### What you will do
Quote word for word the lines starting at the line with "Red Bike with Name on Black Notebook" and ending at the final line of the entries. Leave out any pictures.

### Records supplied

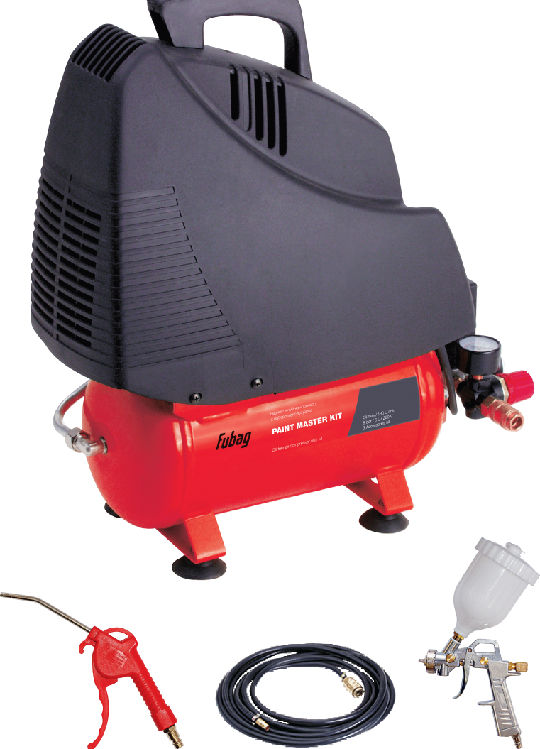 компрессоры Fubag серии MASTER KIT (безмасляные)Все компрессоры линейки – коаксиальные. Однако данная линейка представлена как масляными, так и безмасляными компрессорами. Безмасляная группа представлена широким ассортиментом. Друг от друга каждая модель отличается наличием или отсутствием либо объемом ресивера; но главные отличия – в комплектации, подобранной в зависимости от сферы применения каждого компрессора: FUBAG HANDY MASTER KIT Основное предназначение – работы в быту, мелкий ремонт и обслуживание автомобиля. В комплект входит: пистолет для накачки шин с манометром; пистолет для продувки; три наконечника; насадка для продувки; соединительный резиновый шланг длиной 5 м с быстроразъемными соединениями.FUBAG SERVICE MASTER KIT Применяется для обслуживания техники, как офисной, так и бытовой. Комплектация: пневмопистолет для накачки шин с манометром; пневмопистолет для продувки; пневмопистолет для продувки и мойки; комплект из трех наконечников; насадка для продувки; гибкий спиральный шланг длиной 5 м с быстроразъемными соединениями.FUBAG PAINT MASTER KIT Создан для покраски различных поверхностей и материалов. Комплект включает: краскораспылитель HP с верхним бачком объемом 0,5 л; аэрограф с двумя сменными бачками; соединительный резиновый шланг длиной 5 м с быстроразъемными соединениями.FUBAG WOOD MASTER KIT Комплектация позволяет применять данный аппарат в качестве мощного пневмопистолета: гвоздезабивной пистолет для гвоздей до 50 мм; два набора гвоздей по 1000 шт.; гибкий спиральный шланг длиной 10 м с быстроразъемными соединениями.FUBAG HOUSE MASTER KIT Существенно увеличенный объем ресивера позволяет укомплектовать компрессор любыми дополнительными опциями, что позволяет применять аппарат в любой из сфер: для дома, для офиса, для СТО, в гараже, на даче или на природе, список можно продолжать безконечно. В основной же комплект входят наиболее широко применяемые элементы: краскораспылитель с верхним бачком на 0,5 л; пистолет с манометром для накачки шин; комплект из трех наконечников; насадка для продувки; гибкий спиральный шланг длиной 5 м с быстроразъемными соединениями.Каждая модель характеризуется двумя основными параметрами: •коаксиальные•безмасляныеПо типу привода компрессоры данной линейки относятся к коаксиальным, говоря простым языком: они оснащены двигателем с прямым приводом. Что несет ряд преимуществ. Производительный. Обладая прямым приводом, они не оснащаются теми деталями, которые приводят к потере мощностей, а так же удорожанию всей конструкции. Так же, при изготовлении компрессора с коаксиальным приводом, используются исключительно антифрикционные материалы, то есть те, которые признаны наиболее износоустойчивыми, что и продлевает срок службы аппарата. Многие «обвиняют» коаксиальные компрессоры в низком уровне шумоизоляции, поэтому при покупке важно учесть такую особенность и обратить особое внимание на уровень шума компрессора. Тем не менее, данный недостаток компенсируется минимальными габаритами и весом; работая в небольших помещениях, габариты оборудования часто играют не мало важную роль. Каждый из компрессоров этой линейки оснащен пластиковым кожухом, благодаря чему увеличивается скорость охлаждения всего компрессора, таком образом защищая аппарат от перегрева.Главной отличительной чертой данных компрессоров является отс
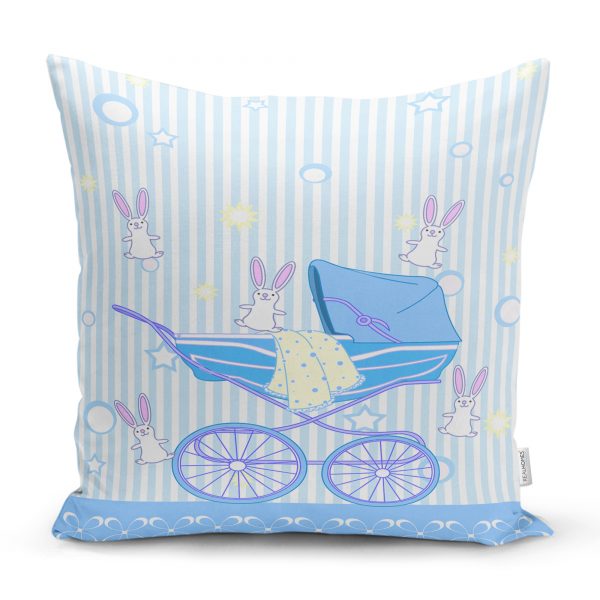 Mavi Çizgili Bebek Arabası Motifli Bebek Odası Yastık Kılıfı
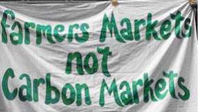 Farmer's Markets not Carbon Markets - campers setting up a stall selling fresh, locally (yes, London) produced goods (Amelia Gregory)
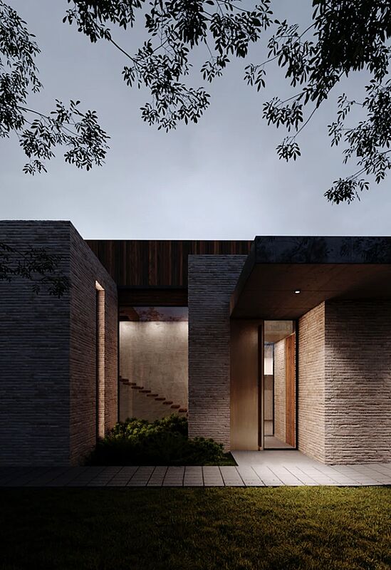 Дом для семьи из четырех человек обыгрывает идею контраста между монументальной «оболочкой» — и прозрачной, наполненной светом и воздухом «изнанкой». Приземистые объемы из железобетона облицованы кирпичом и камнем, а панорамное остекление открывает взгляду интерьер, который становится полноценным элементом архитектуры. Симметрию здания динамично подчеркивает труба двустороннего камина, которая проходит прямо по центру фасада.
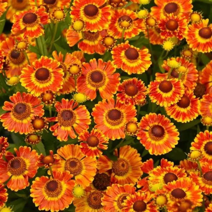 Гелениум Fuego. Цветки многочисленные, ромашковидные, яркие, красно-оранжевые с золотистым ореолом и коричневым центральным диском. Цветоносы прочные, хорошо разветвлённые. Цветение в августе-октябре. Листья копьевидные, зубчатые, тёмно-зелёные. Высота 40-50 см и ширина 50-60 см. Прекрасное растение для срезки. Место солнечное. Почва плодородная, влажная, дренированная.
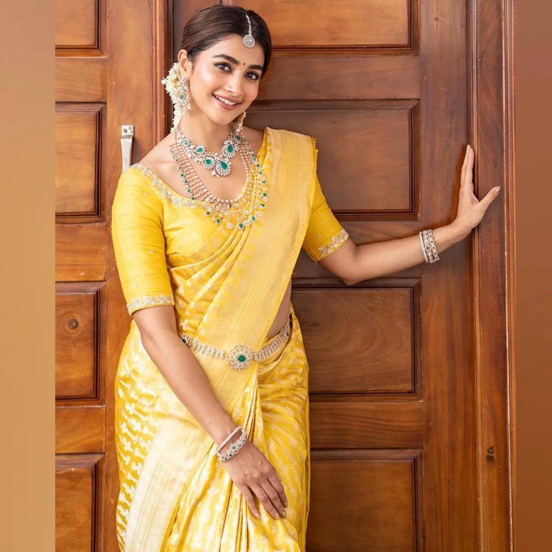 Pooja Hegde is wearing a yellow color Kanjeevaram silk saree. The actress is looking very beautiful in it. Also, the look has been completed with a diamond style heavy jewelry and bun hairstyle. New brides can recreate this look of the actress.
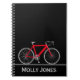 Red Bike with Name on Black Notebook
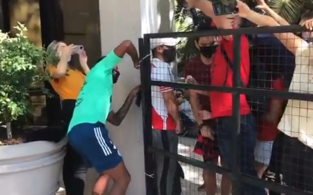 O Flamengo está na Argentina desde o último domingo (22), onde enfrenta o Racing, pela primeira partida das oitavas de final da Libertadores da América, neste terça-feira (24). Nesta segunda (23), um ano completado do bicampeonato da América, Bruno Henrique atendeu os fãs rubro-negros na saída do hotel e foi surpreendido com pedido inusitado de um torcedor argentino. O homem entregou uma caneta e pediu que o atacante autografasse uma camisa do River Plate. Nas redes sociais, o Flamengo registrou o momento.
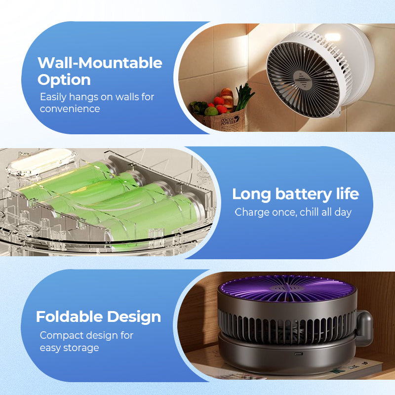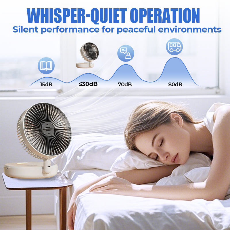 INCLINAISON RÉGLABLE À 90 DEGRÉS – Bénéficiez d’un contrôle flexible du flux d’air grâce à l’inclinaison réglable à 90°, permettant un rafraîchissement ciblé. Lorsqu’il n’est pas utilisé, le ventilateur se replie de manière compacte pour un rangement facile — idéal pour la maison, le bureau ou les déplacements.

### Result of the task
 Red Bike with Name on Black Notebook
 O Flamengo está na Argentina desde o último domingo (22), onde enfrenta o Racing, pela primeira partida das oitavas de final da Libertadores da América, neste terça-feira (24). Nesta segunda (23), um ano completado do bicampeonato da América, Bruno Henrique atendeu os fãs rubro-negros na saída do hotel e foi surpreendido com pedido inusitado de um torcedor argentino. O homem entregou uma caneta e pediu que o atacante autografasse uma camisa do River Plate. Nas redes sociais, o Flamengo registrou o momento.
 INCLINAISON RÉGLABLE À 90 DEGRÉS – Bénéficiez d’un contrôle flexible du flux d’air grâce à l’inclinaison réglable à 90°, permettant un rafraîchissement ciblé. Lorsqu’il n’est pas utilisé, le ventilateur se replie de manière compacte pour un rangement facile — idéal pour la maison, le bureau ou les déplacements.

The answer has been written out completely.